_TASK DESCRIPTION_
Nothing but the pictures should go missing; return all the entries below exactly.

_ENTRIES PROVIDED_

"""

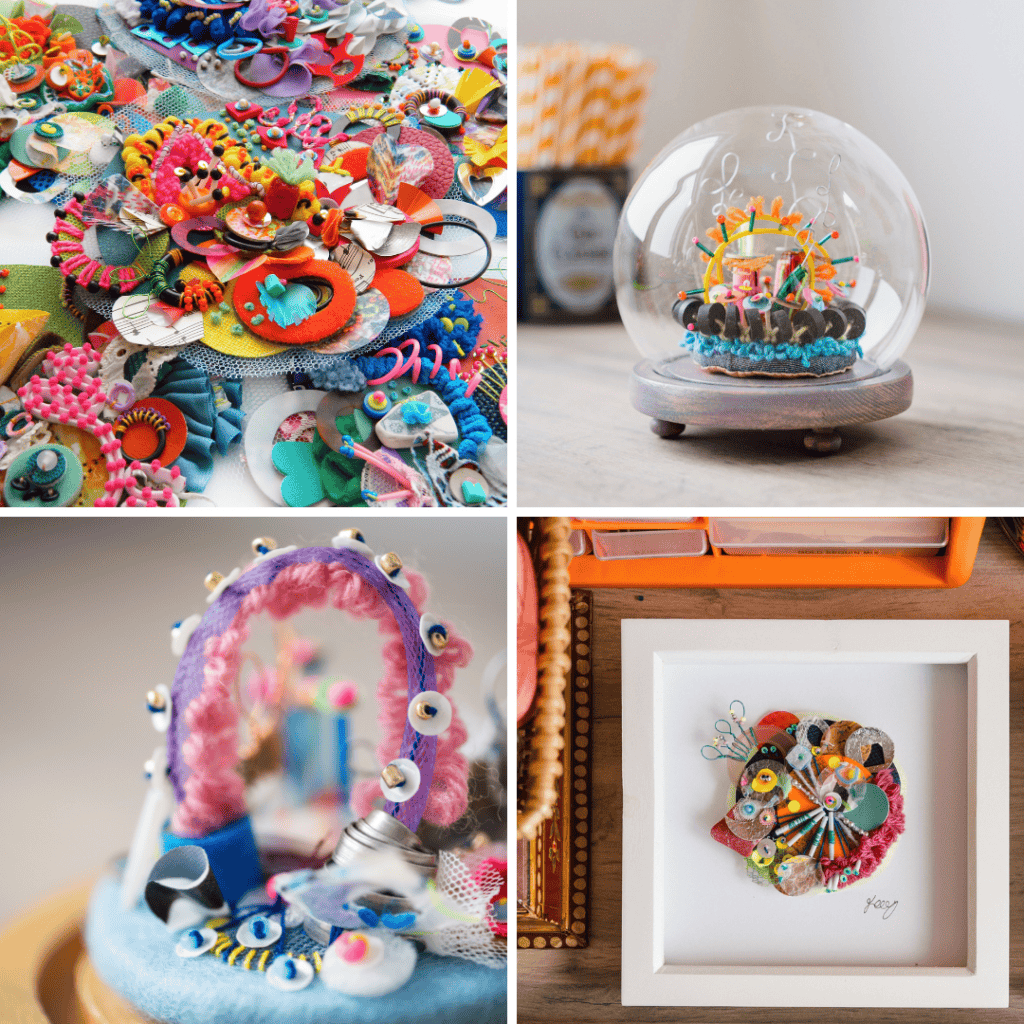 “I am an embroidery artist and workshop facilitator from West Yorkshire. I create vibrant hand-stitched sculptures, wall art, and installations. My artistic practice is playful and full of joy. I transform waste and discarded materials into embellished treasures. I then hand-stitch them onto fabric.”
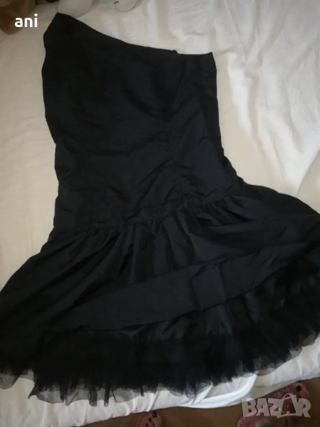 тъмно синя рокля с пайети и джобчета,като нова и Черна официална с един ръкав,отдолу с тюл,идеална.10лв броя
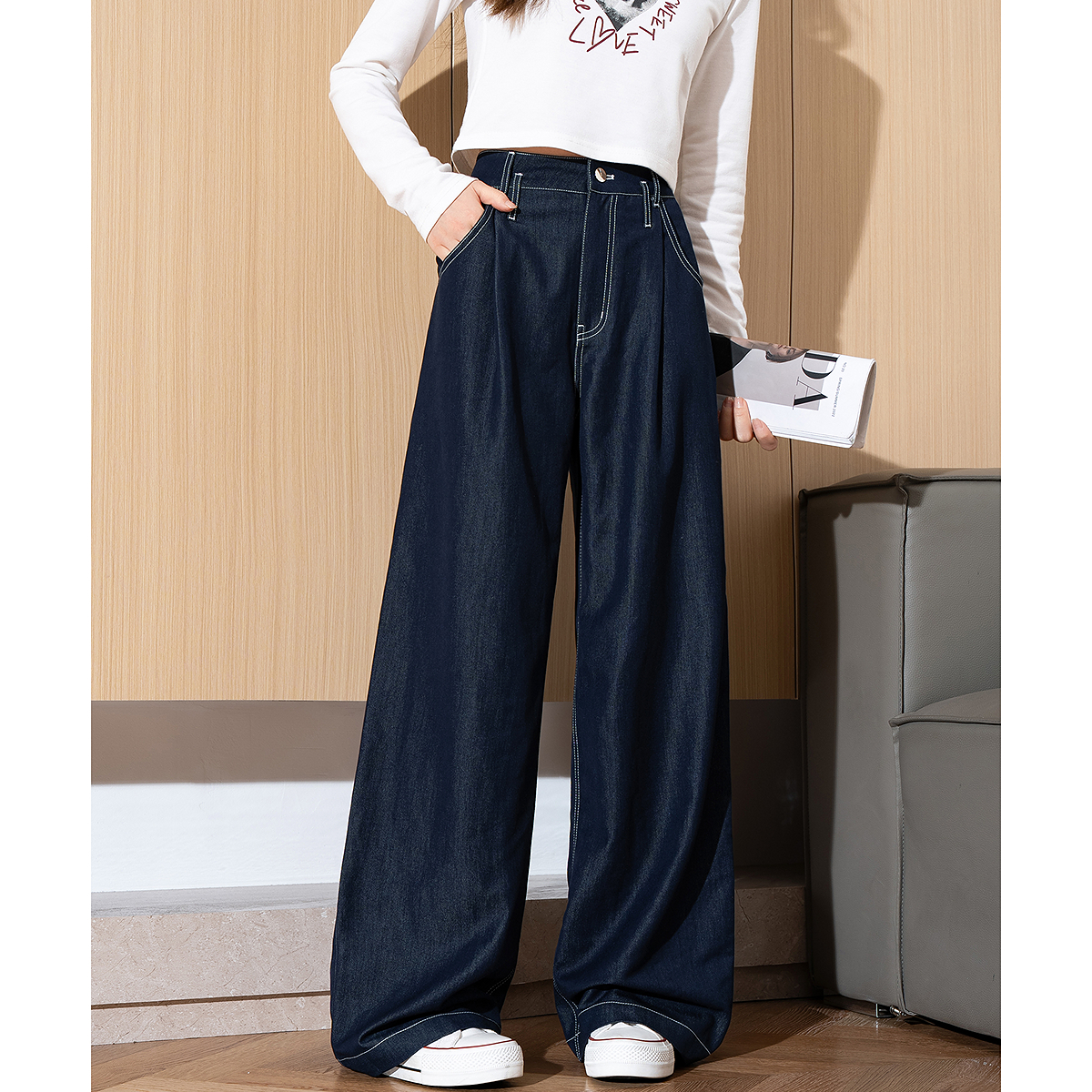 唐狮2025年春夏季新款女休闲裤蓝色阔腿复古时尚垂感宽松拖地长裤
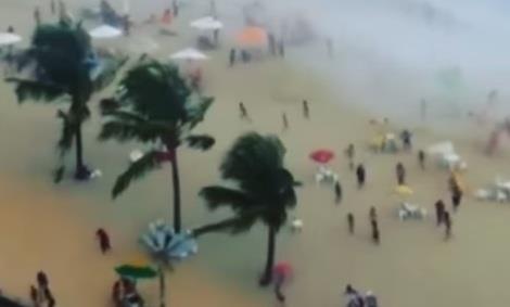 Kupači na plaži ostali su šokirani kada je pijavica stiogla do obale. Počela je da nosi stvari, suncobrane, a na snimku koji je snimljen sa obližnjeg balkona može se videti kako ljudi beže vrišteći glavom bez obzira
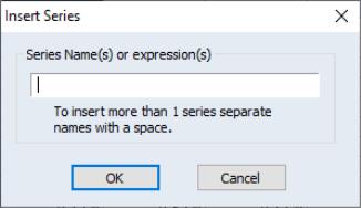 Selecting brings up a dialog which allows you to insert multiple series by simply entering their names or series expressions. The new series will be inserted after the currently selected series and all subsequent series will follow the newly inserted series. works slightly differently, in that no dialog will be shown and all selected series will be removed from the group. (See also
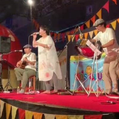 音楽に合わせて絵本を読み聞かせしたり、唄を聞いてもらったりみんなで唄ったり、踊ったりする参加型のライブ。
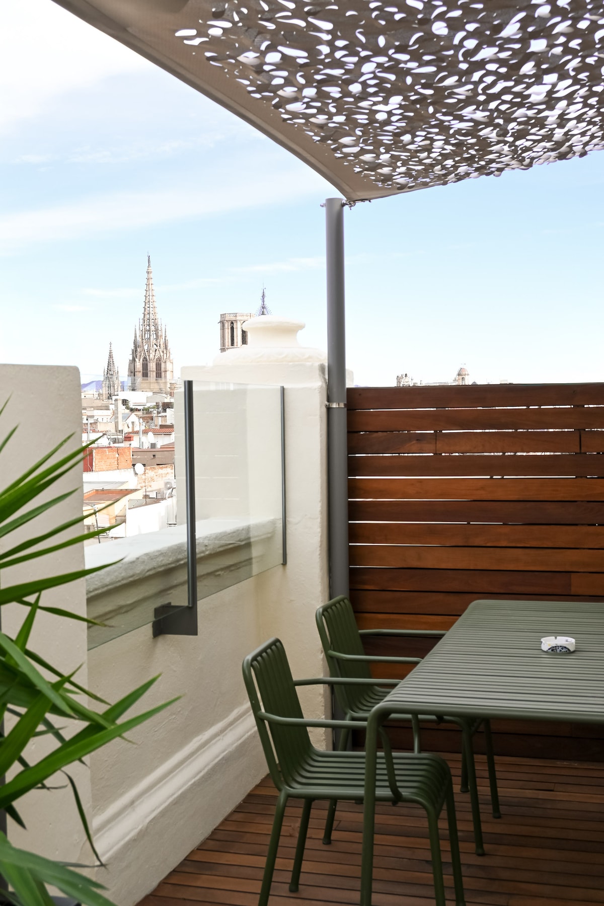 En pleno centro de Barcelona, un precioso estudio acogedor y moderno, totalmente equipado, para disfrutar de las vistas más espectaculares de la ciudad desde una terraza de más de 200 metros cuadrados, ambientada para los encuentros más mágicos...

"""

_SOLUTION_
 “I am an embroidery artist and workshop facilitator from West Yorkshire. I create vibrant hand-stitched sculptures, wall art, and installations. My artistic practice is playful and full of joy. I transform waste and discarded materials into embellished treasures. I then hand-stitch them onto fabric.”
 тъмно синя рокля с пайети и джобчета,като нова и Черна официална с един ръкав,отдолу с тюл,идеална.10лв броя
 唐狮2025年春夏季新款女休闲裤蓝色阔腿复古时尚垂感宽松拖地长裤
 Kupači na plaži ostali su šokirani kada je pijavica stiogla do obale. Počela je da nosi stvari, suncobrane, a na snimku koji je snimljen sa obližnjeg balkona može se videti kako ljudi beže vrišteći glavom bez obzira
 Selecting brings up a dialog which allows you to insert multiple series by simply entering their names or series expressions. The new series will be inserted after the currently selected series and all subsequent series will follow the newly inserted series. works slightly differently, in that no dialog will be shown and all selected series will be removed from the group. (See also
 音楽に合わせて絵本を読み聞かせしたり、唄を聞いてもらったりみんなで唄ったり、踊ったりする参加型のライブ。
 En pleno centro de Barcelona, un precioso estudio acogedor y moderno, totalmente equipado, para disfrutar de las vistas más espectaculares de la ciudad desde una terraza de más de 200 metros cuadrados, ambientada para los encuentros más mágicos...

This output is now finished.